All three authors of this paper undertook components of this manual verification, and manual correction was applied to every associated COP and pre-COP. During this final manual correction phase, the presence of text in multiple languages posed a significant challenge in determining the appropriate classification due to our limitations in each manual reviewer’s language proficiency. To address this issue, we incorporated an additional step at the manual correction stage wherein text in languages other than English was translated and placed in adjacent entries to that of the original non-English text. For this translation process, we opted for the argostranslate package. This package was favored for its speed, reliability, and broad language support. Additionally, to identify the source language of the text accurately, we utilized the langdetect package in Python (https://github.com/Mimino666/langdetect). This combination of tools has proven to be highly effective in managing multilingual text, thus significantly improving the accuracy of our manual review and classification tasks. Altogether, this strategy enabled more accurate and consistent classification by ensuring a comprehensive understanding of the text content. The files that we prepared for manual verification then similarly highlighted (i) instances where excess text did not fit within our predefined categories and (ii) instances where our automated classification approach was uncertain about the intended location for a segment of identified text.

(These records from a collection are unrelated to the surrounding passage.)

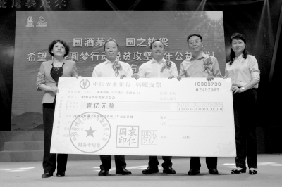 茅台集团董事长袁仁国表示,目前距离实现脱贫目标仅有三年时间,为贯彻落实党中央、国务院的重大部署,积极参与扶贫攻坚战,大力实施精准扶贫,推动实现同步小康,茅台集团与中国青基会制定了“国酒茅台·国之栋梁”希望工程圆梦行动脱贫攻坚三年公益计划。未来三年,茅台集团将每年捐赠1亿元,3年共,开展“国酒茅台·国之栋梁——希望工程圆梦行动”脱贫攻坚三年公益计划。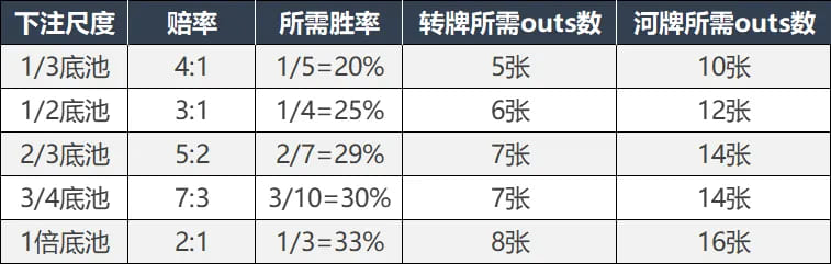 转牌圈因为只剩1张牌了,所需outs要双倍。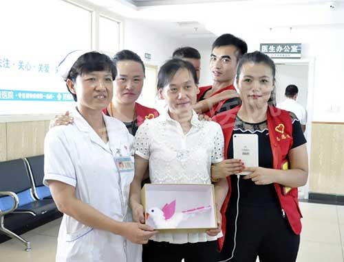 (母亲和志愿者来济南神康医院迎接夏莉容康复出院)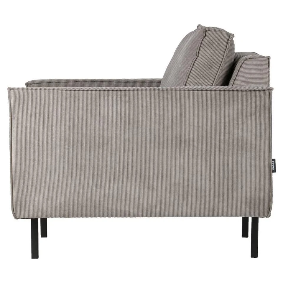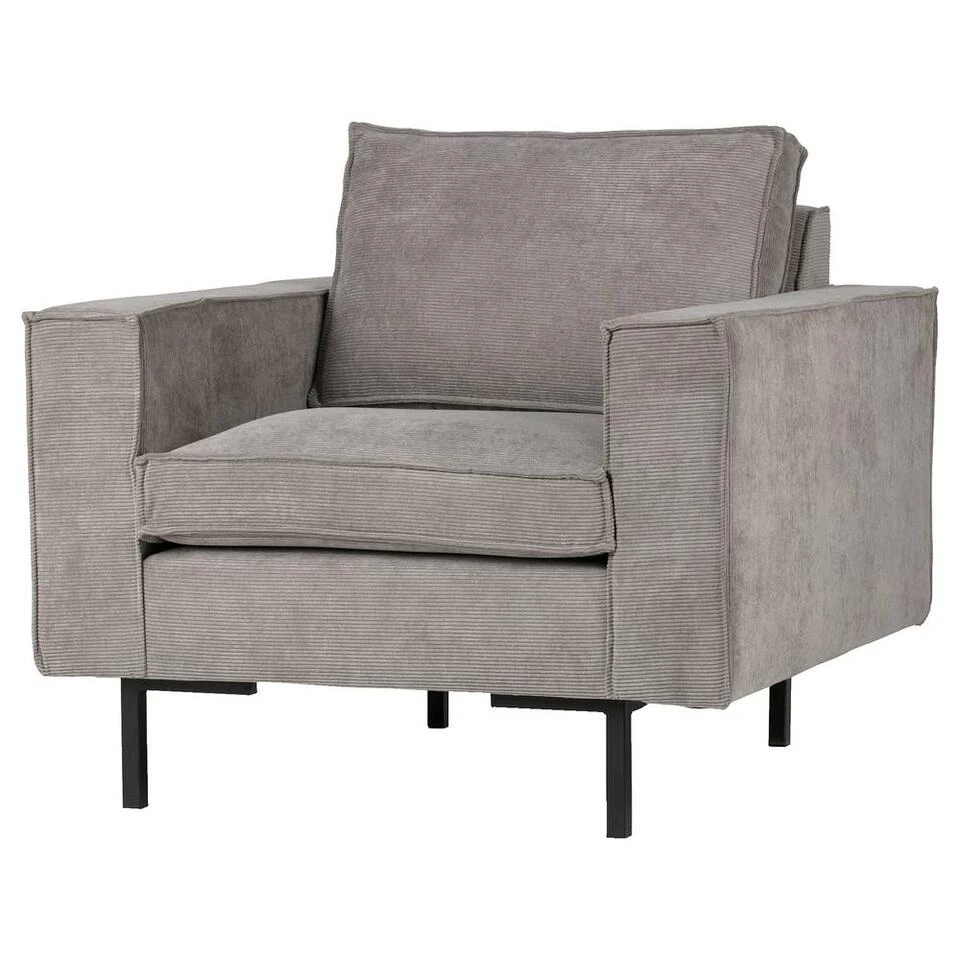 Deze luie stoel heeft een hoogwaardige polyether vulling horizontaal gestoffeerd met een elegante ribstof.

Our final manual verification and correction strategy followed a structured set of steps. Initially, we uploaded all extracted information into Google Sheets, dedicating one sheet per extracted PDF. Each team member selected a specific sheet to evaluate in a column-by-column fashion. When doing so, they cross-referenced that Google Sheet’s entries with the corresponding PDF for accuracy. In cases where data was extracted from PDF images, Google’s spell checker was manually applied to the Google Sheet in order to identify and correct any OCR errors. Each column in the Google Sheet (e.g., Person Name, Job Title, Division, Affiliation) underwent meticulous review and corrections were made where necessary. To this end, team members systematically moved incorrect entries to their appropriate columns, ensuring accuracy through reference to translated versions as needed. For instance, they first scrutinized the Person Name column to rectify instances where Person Name and Job Title were incorrectly segmented. They then addressed the Job Title column to prevent misallocation of Division information to that column. This process was repeated for Division and Affiliation, involving subjective decisions due to variations in how attendees inputted information in these two fields. To maintain consistency, all three manual coders held bi-weekly calibration meetings throughout this process, discussing and aligning on decisions related to data corrections.

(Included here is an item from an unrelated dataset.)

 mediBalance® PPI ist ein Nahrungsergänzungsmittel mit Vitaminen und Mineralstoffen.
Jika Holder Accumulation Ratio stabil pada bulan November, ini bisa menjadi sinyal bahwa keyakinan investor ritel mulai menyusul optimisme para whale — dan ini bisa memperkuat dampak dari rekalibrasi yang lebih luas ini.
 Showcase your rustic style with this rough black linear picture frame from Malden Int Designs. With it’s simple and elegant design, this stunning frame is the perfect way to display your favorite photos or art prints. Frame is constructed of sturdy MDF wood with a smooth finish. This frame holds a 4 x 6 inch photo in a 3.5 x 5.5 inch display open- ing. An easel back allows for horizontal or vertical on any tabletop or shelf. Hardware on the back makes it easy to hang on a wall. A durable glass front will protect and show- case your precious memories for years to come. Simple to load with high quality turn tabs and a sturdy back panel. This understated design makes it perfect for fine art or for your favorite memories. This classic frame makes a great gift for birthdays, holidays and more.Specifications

After completing manual checks for all pre-COPs and COPs files, we incorporated corrections from 11 corrigenda across these documents. Each corrigendum, averaging 2 pages in length, provided specific instructions for corrections such as updating delegation information, adding new participants, or removing previously listed ones. These corrections were manually applied to the Google Sheets files used in our process. Overall, this approach allowed us to extract individual attendee entries and group types from 44 COP and 12 pre-COP PDFs. Following the extraction of attendee text, we segmented and categorized this information into fields including Group Type, Delegation, Honorific, Person Name, Job Title, Division, and Affiliation. Human coders manually reviewed the extracted data from all COP and pre-COP PDFs, correcting any errors discovered. Additionally, attendee characteristics from COP28’s Excel-based entries were integrated with our extracted pre-COP and COP (1–27) data.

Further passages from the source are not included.